Extracted data entries:

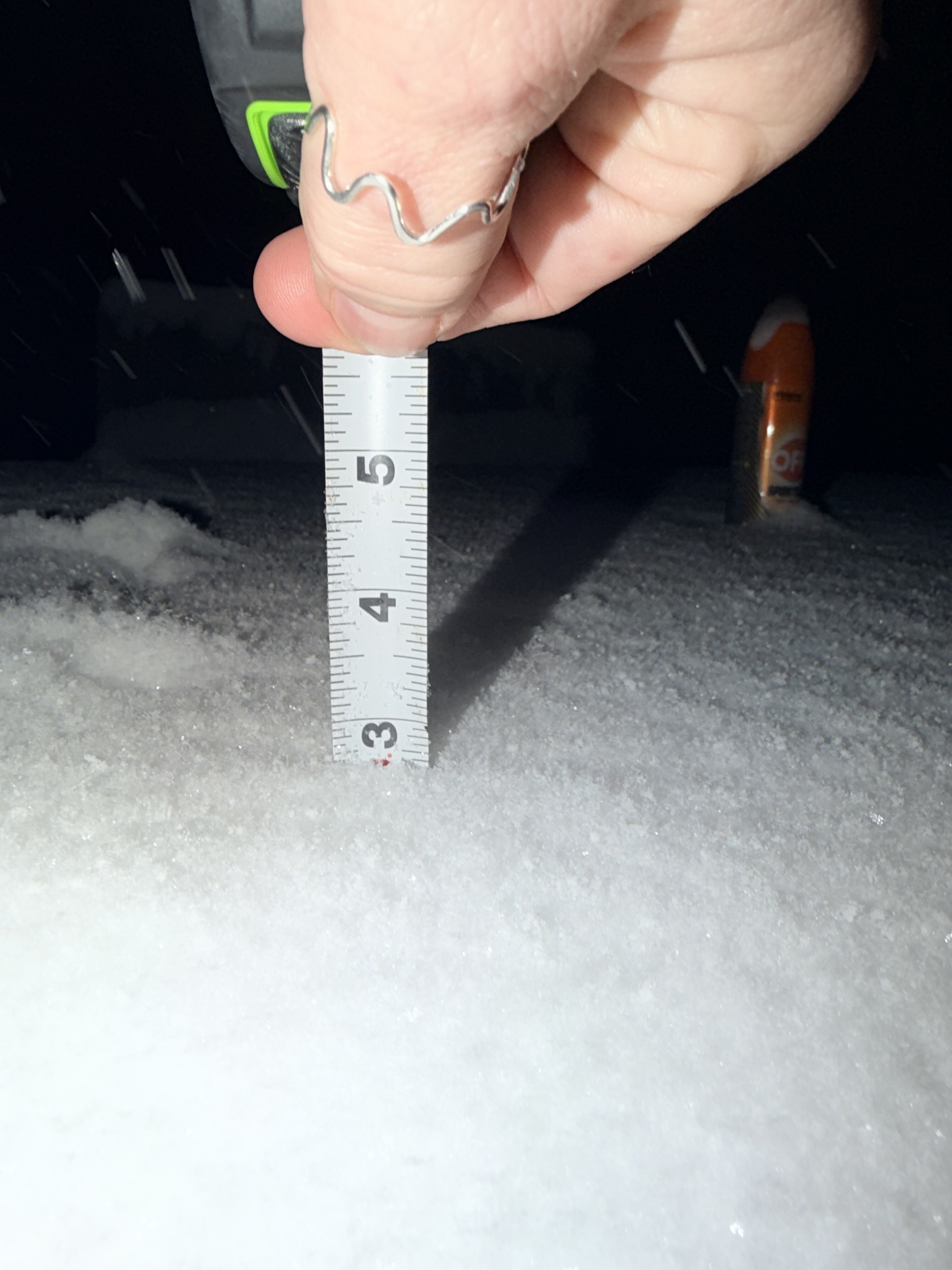 Heavy dusting here to this point with light snow still falling and a very windy 28. It’s so cool watching it blow around in the strong winds, especially coming off the roof, because of it being fluffy. Looking at the leaves/grass, some is as deep as 1/2”. But some is closer to 1/4”. So, taking the average gives me 3/8”. So, maybe call it 0.3-0.4”. The pavement is still just wet.
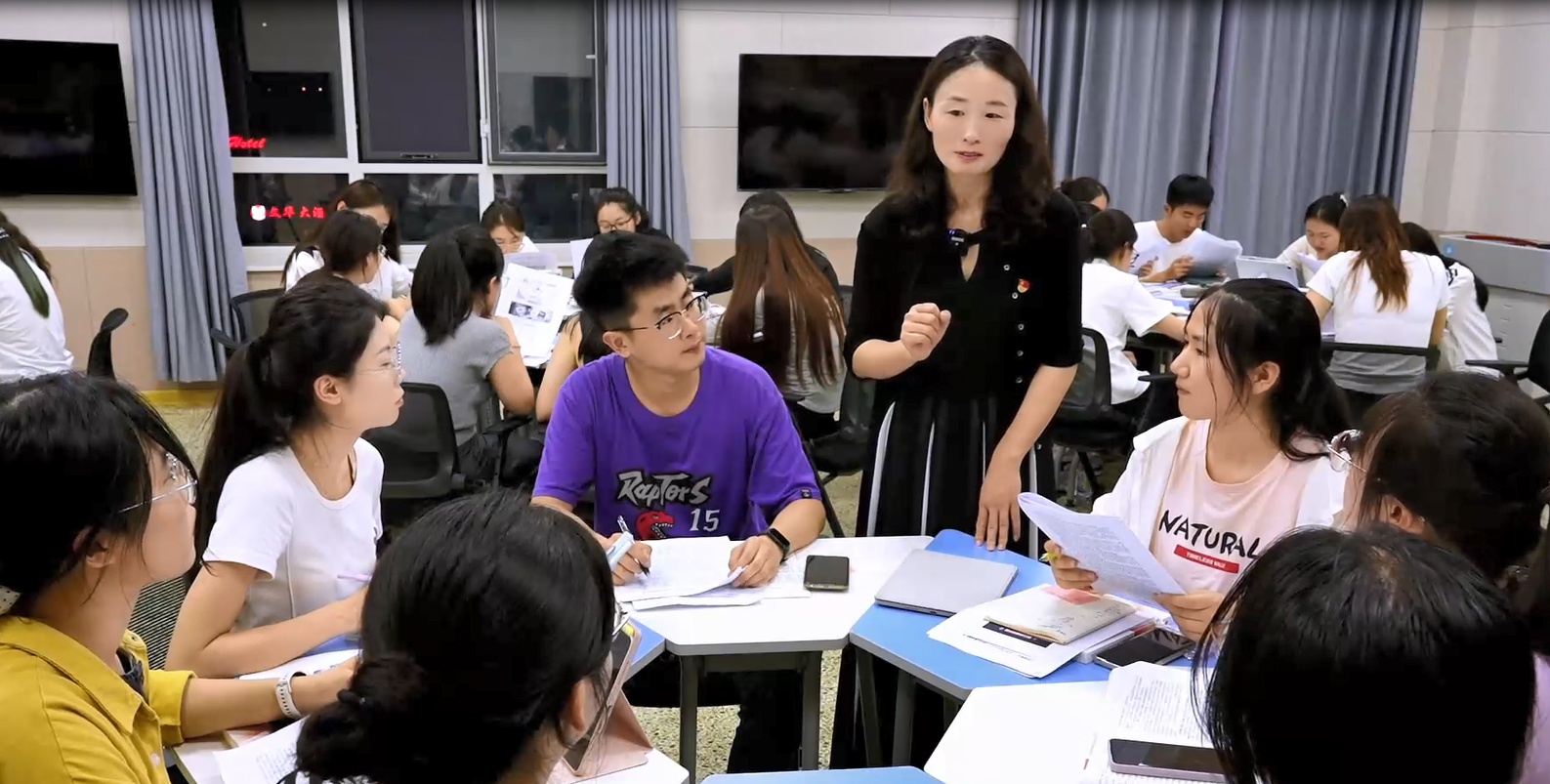 肖芳教授在课堂上组织学生开展分组讨论
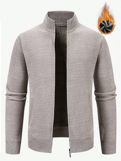 Manfinity Homme 男士保暖内衬休闲立领长袖开衫,秋冬季百搭单品 - 灰色 - 查看 1
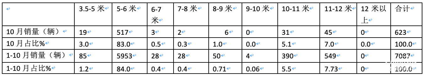 ---10-11米段車型分別銷售31輛和390輛,市場占比分別為5.1%和5.5%,均居第三;
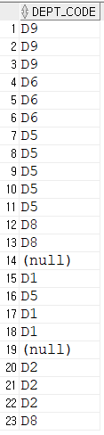 부서코드 별로 묶이면 다른 column은 어떨게 될까?
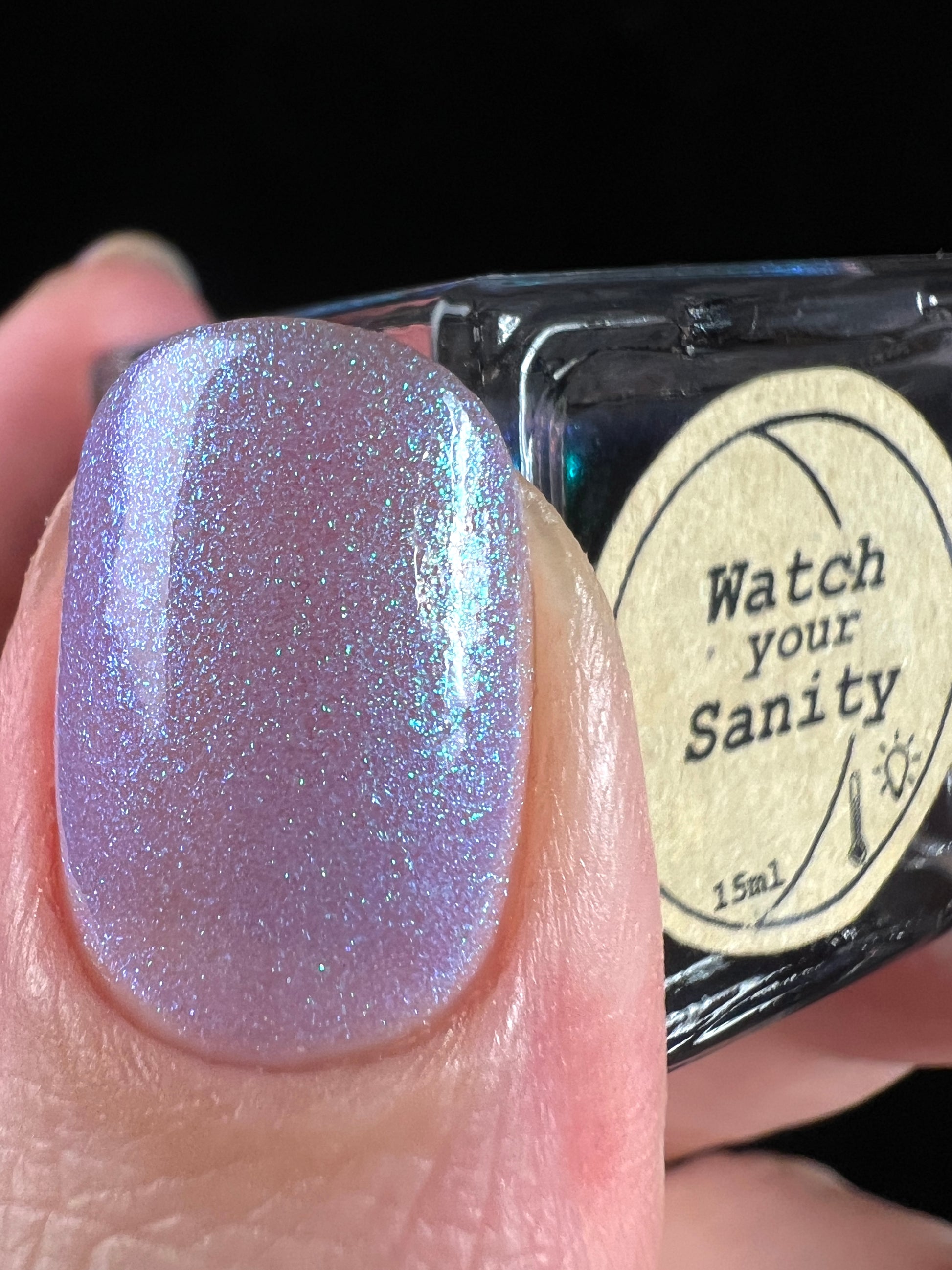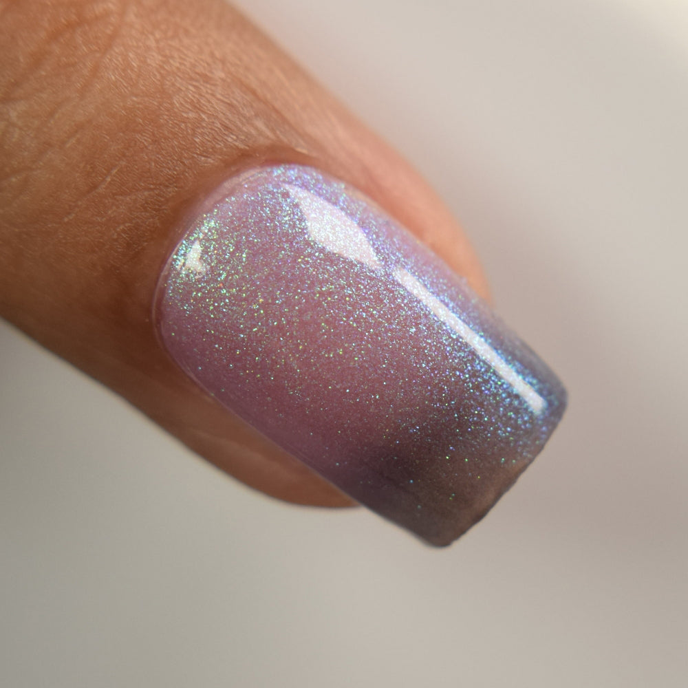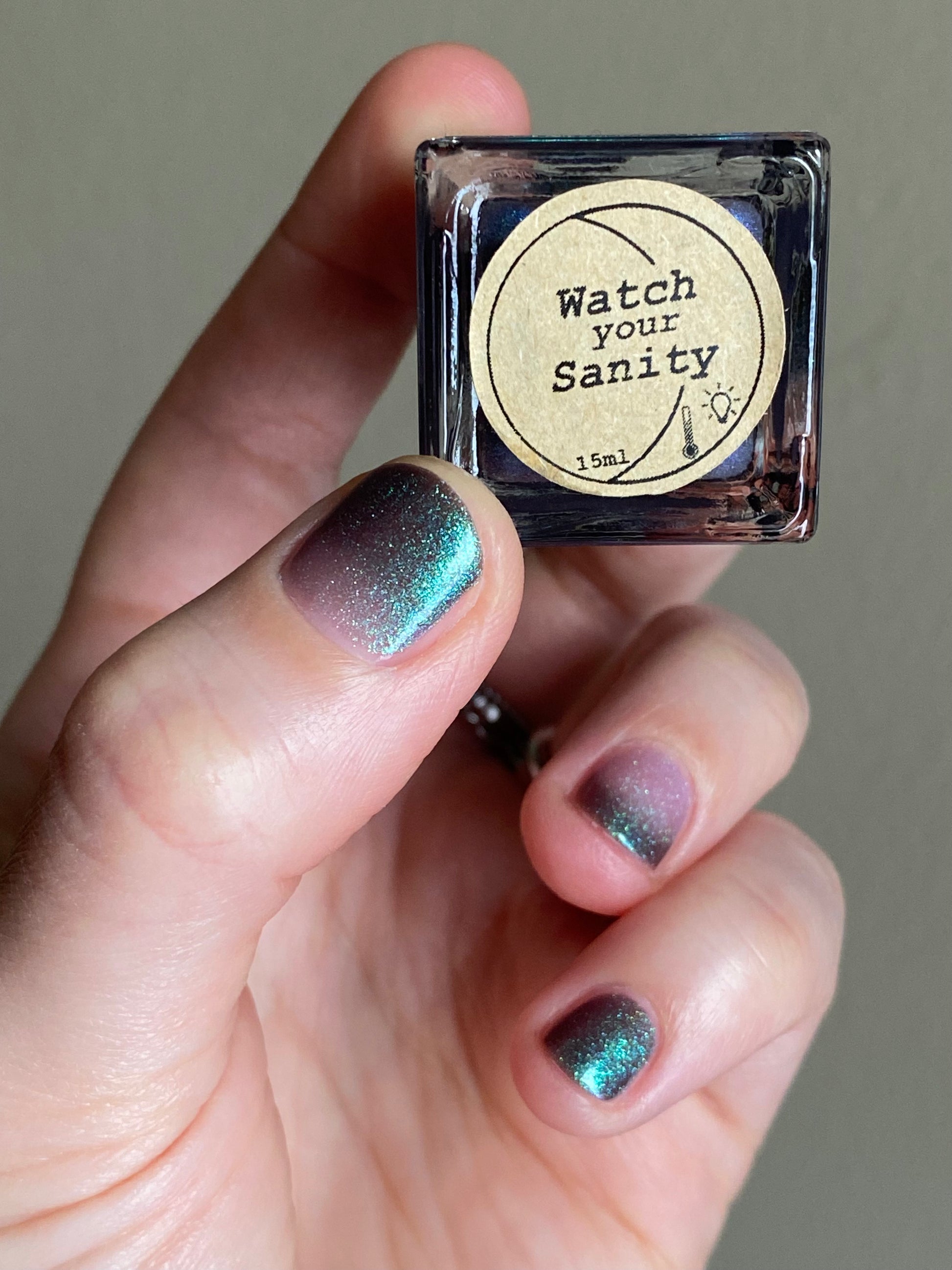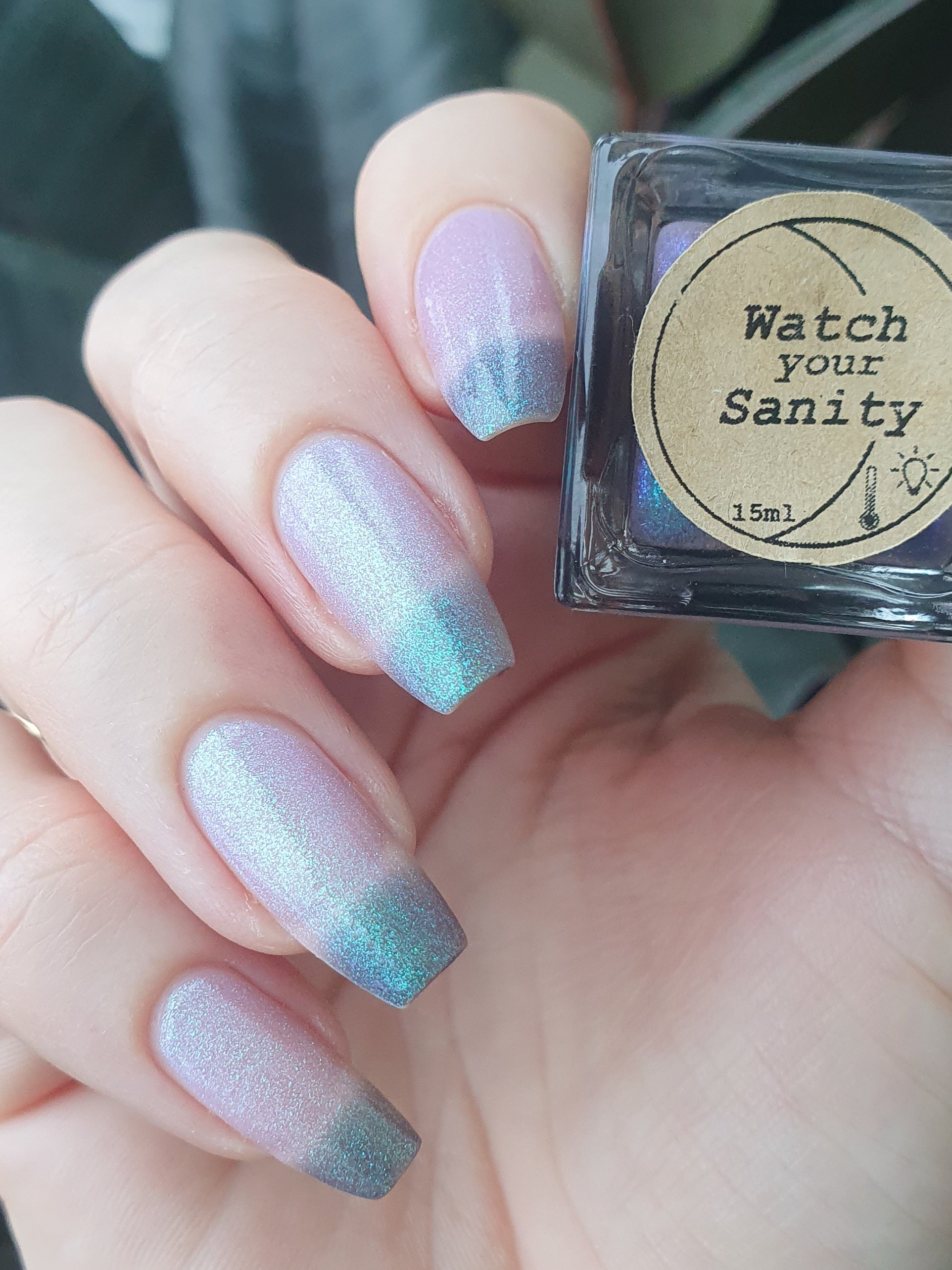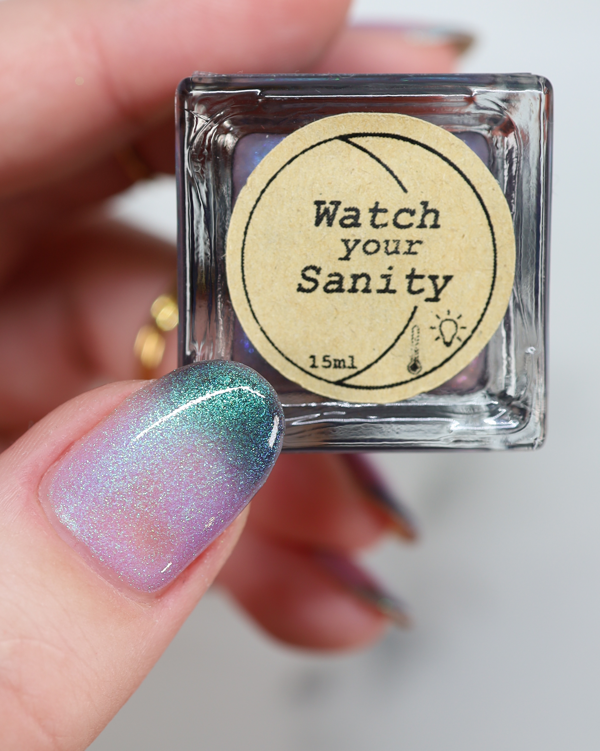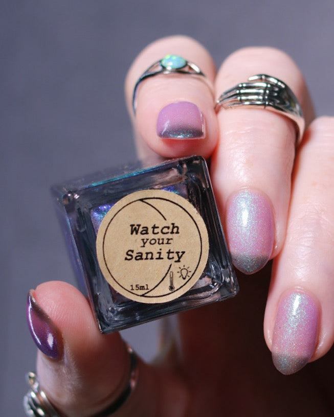 Watch your Sanity is a thermal glow in the dark polish that goes from light pinkish/purple (warm) to very dark purple (cold) with purple glow in the dark pigment and green to blue to purple large particle shimmer!

# Problem statement
Pictures are to be dropped, and every record is to be copied exactly.

# Task answer
 Heavy dusting here to this point with light snow still falling and a very windy 28. It’s so cool watching it blow around in the strong winds, especially coming off the roof, because of it being fluffy. Looking at the leaves/grass, some is as deep as 1/2”. But some is closer to 1/4”. So, taking the average gives me 3/8”. So, maybe call it 0.3-0.4”. The pavement is still just wet.
 肖芳教授在课堂上组织学生开展分组讨论
 Manfinity Homme 男士保暖内衬休闲立领长袖开衫,秋冬季百搭单品 - 灰色 - 查看 1
 ---10-11米段車型分別銷售31輛和390輛,市場占比分別為5.1%和5.5%,均居第三;
 부서코드 별로 묶이면 다른 column은 어떨게 될까?
 Watch your Sanity is a thermal glow in the dark polish that goes from light pinkish/purple (warm) to very dark purple (cold) with purple glow in the dark pigment and green to blue to purple large particle shimmer!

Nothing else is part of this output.